Randomization

Introduction to randomization in impact evaluations, covering theoretical foundations and practical implementation strategies for researchers.

Key Takeaways

Randomization creates comparable treatment and control groups by ensuring each unit has an equal chance of assignment
Unit of randomization (individual vs. cluster) affects statistical power, spillovers, and implementation feasibility
Different randomization methods address specific evaluation contexts and program constraints
Implementation challenges such as noncompliance and spillovers require planned responses that begin at the design stage

What is Randomization?

Randomization is the cornerstone of rigorous impact evaluation. This process assigns units, such as individuals, households, schools, and other entities, to treatment and control groups, ensuring that assignment relies purely on chance rather than systematic factors.

Note

For a practical introductory guide to randomization, see Guide to Randomization.

Random Sampling vs. Random Assignment

It is crucial to distinguish between two related but distinct concepts: | | Random sampling | Random assignment | |:–|:–|:–| | | Random sampling from population

	Random sampling	Random assignment

Goal	Ensure the sample represents the target population	Ensure treatment and control groups are comparable
Question answered	Who is in the study?	Who receives the intervention?
Basis of	Descriptive and survey research	Randomized evaluations

Both tools are often used together: researchers first randomly sample communities from a region, then randomly assign sampled communities to treatment or control.

Common misconception

Geographic or systematic assignment, such as “northern half gets treatment, southern half gets control”, is not random assignment, even if the sample was selected through random sampling.

Basic Randomization Procedures

Two basic approaches exist for assigning units to treatment and control groups. The choice between them depends primarily on whether a complete participant list is available upfront and whether exact group sizes matter for implementation.

	Complete randomization (fixed proportion)	Simple randomization (fixed probability)
How it works	A predetermined number of units is assigned to treatment; the rest go to control	Each unit has a fixed probability (e.g., 50%) of assignment, independent of others
Group sizes	Exact and guaranteed	Variable; may differ from target by chance
Best for	Limited resources, classroom capacity constraints, or when balance is critical	Walk-in or rolling enrollment situations where a full list is unavailable upfront
Key limitation	Requires a complete participant list in advance	May produce unequal groups, especially in small samples
Example	Randomly order 1,000 participants; assign the first 400 to treatment	Flip a coin for each participant as they enroll

Choosing the Unit of Randomization

The level at which randomization occurs is one of the most critical decisions in evaluation design. This choice is constrained by three factors that researchers should work through in order before deciding between individual and cluster assignment.

Measurement constraints set a hard floor: randomization cannot take place at a lower level than the outcome measure.

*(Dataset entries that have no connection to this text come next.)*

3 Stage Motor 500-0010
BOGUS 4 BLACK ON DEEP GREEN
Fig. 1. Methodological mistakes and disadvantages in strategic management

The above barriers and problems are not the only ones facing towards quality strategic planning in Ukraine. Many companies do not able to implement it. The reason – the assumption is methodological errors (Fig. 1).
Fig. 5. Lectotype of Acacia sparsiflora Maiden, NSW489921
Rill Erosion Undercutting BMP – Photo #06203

If the outcome is school building quality, randomization cannot occur at the level of the child or teacher. The unit of measurement defines the minimum unit of randomization.

Implementation level determines the natural unit: randomization usually occurs at the level at which the program is delivered. Randomizing below the implementation level adds operational complexity. For example, a nutritional supplement program administered by school would need to track which individual children are in treatment.

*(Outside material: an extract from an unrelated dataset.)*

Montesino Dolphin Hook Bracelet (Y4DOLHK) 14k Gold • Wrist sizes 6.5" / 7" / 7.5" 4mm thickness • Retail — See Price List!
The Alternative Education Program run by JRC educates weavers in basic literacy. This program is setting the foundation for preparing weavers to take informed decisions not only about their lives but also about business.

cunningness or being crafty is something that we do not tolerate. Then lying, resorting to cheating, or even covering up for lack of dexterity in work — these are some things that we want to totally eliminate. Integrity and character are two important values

Perceived fairness shapes community acceptance: randomizing at a higher level (e.g., schools rather than students) is often seen as more equitable, since entire communities share the same assignment rather than neighbors being treated differently.

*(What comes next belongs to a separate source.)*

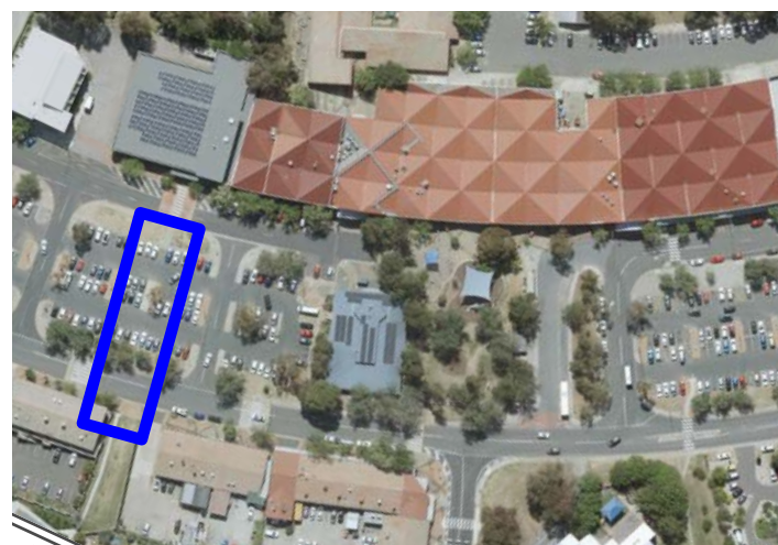
1 Northern Car Park Pedestrian Path Connection

Once these constraints are considered, the choice reduces to individual vs. cluster:

	Individual-level	Cluster-level
Unit assigned	Each participant independently	Entire groups (schools, villages, clinics)
Statistical power	Higher. Each individual is an independent observation	Lower. Fewer independent units; requires accounting for intra-cluster correlation
Spillover risk	Higher. Treated and control individuals may interact	Lower. Natural groups act as a containment boundary
Implementation	More complex if program is group-based	Simpler when program is delivered at group level
Typical examples	Cash transfers, patient-level interventions, individual tutoring	Teacher training, community health programs, school-level interventions

Managing Common Challenges

Noncompliance

Noncompliance occurs when units do not follow their assigned treatment status. This can take two forms:

One-sided noncompliance: Only treatment group members can deviate. They do not participate, while control group members cannot access treatment.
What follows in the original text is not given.